Stephen King often associates sexuality with violence, but Hearts in Atlantis makes a graphic equation of the two by crosscutting between shots of Bobby's mother being raped by her boss in a hotel room with ones of Carol being beaten by a villainous youth from a Catholic school who has previously tried to harass her and ridiculed Bobby as a fairy. More sophisticated films in this genre, like Joseph Losey's The Go-Between, usually present the loss of innocence as compensated, if unequally, by a tragic yet inevitable gain in knowledge--"We will grieve not, rather find/Strength in what remains behind," in the words of William Wordsworth's great "Ode: Intimations of Immortality". Yet by making this equation, Hearts in Atlantis depicts adult sexual desire not just as a loss of innocence, but as a descent into animality. 

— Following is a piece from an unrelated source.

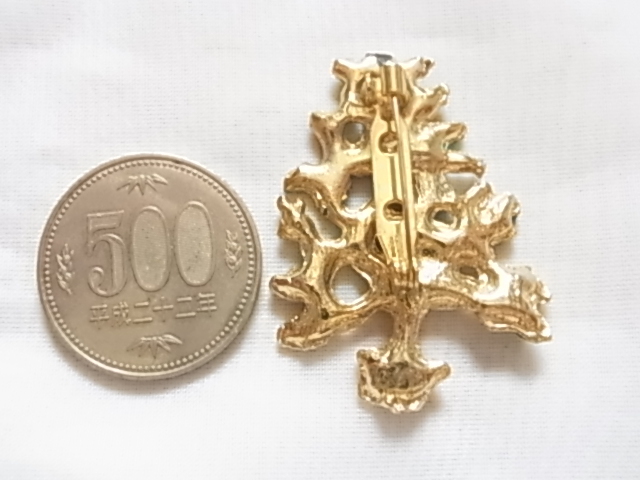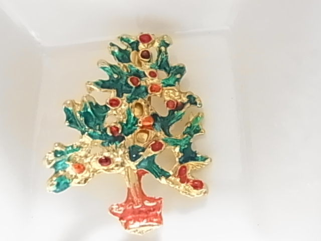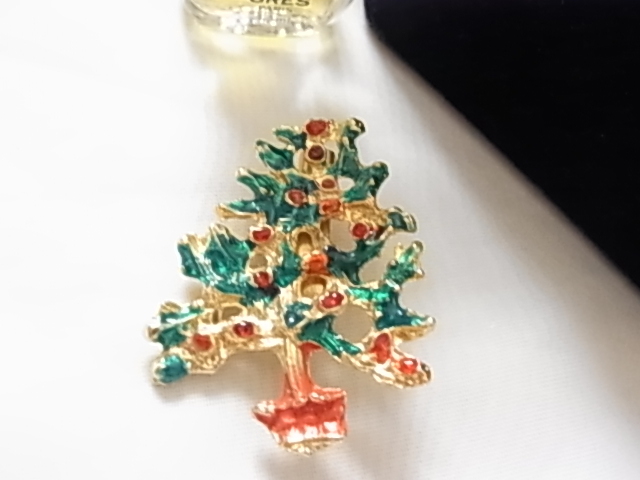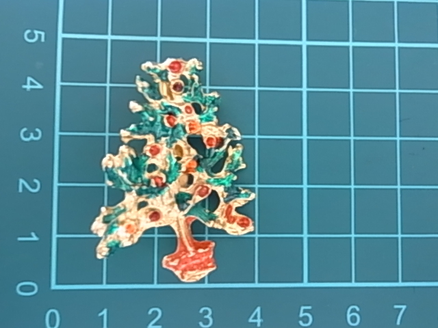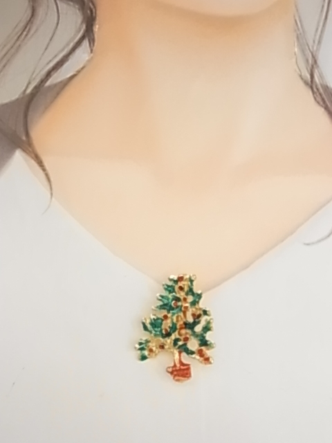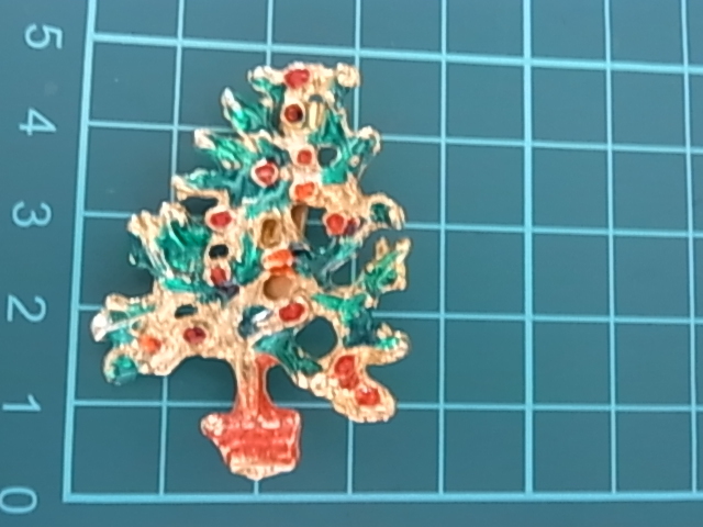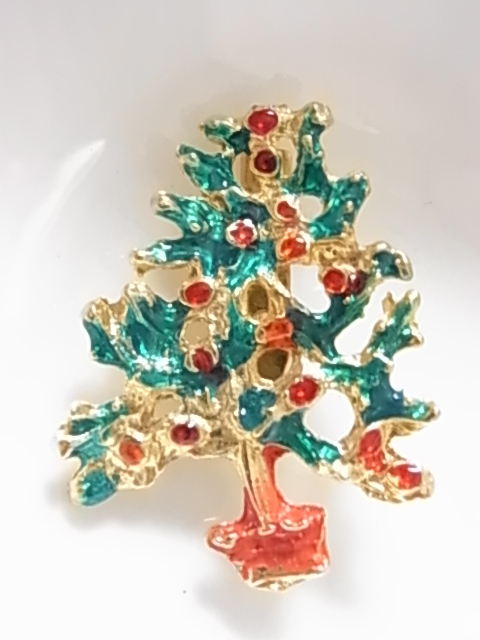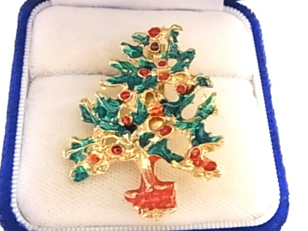 ▲ビンテージ/ヴィンテージ クリスマスツリーのモチーフ Xmasデザイン エナメル装飾加工 ストーンに見える赤と緑の素敵なブローチ

What awaits Bobby as he moves into puberty would seem to resemble the fate of Larry Talbot in The Wolf Man (1941). The only antithesis to the basically depraved behavior of most adolescent/adult males in the film is represented by Ted, who is not only celibate but practically sexless. True, he makes jokes about kissing girls with Bobby, but he comes across mainly as a male old maid. At the end, Bobby and his mother, now reconciled, move to Boston, and he goes on to a prosperous career as a photographer. Nevertheless, the film's real center of gravity lies in the past, and Bobby's memories of his pre-pubescent days of splendor in the grass.

In spite of its pretensions, Hearts of Atlantis is a lightweight movie, but not a bad one. The release of the film was, needless to say, only fortuitous, but given the longing for affirmation in the country at this moment, I think the picture is headed to be a big hit. Nor will the small-town setting and the shrewd way the movie plays the nostalgia card hurt its chances of success at the box office. Hearts of Atlantis is a far better picture than the wildly overrated The Sixth Sense, and it deserves to do at least as well as that overdone turkey did. Note 12/13/01: So much for my ability to forecast box office grosses. Hearts in Atlantis sank quickly from view not long after its initial sortie, although it may win Hopkin an Oscar® nomination for his performance.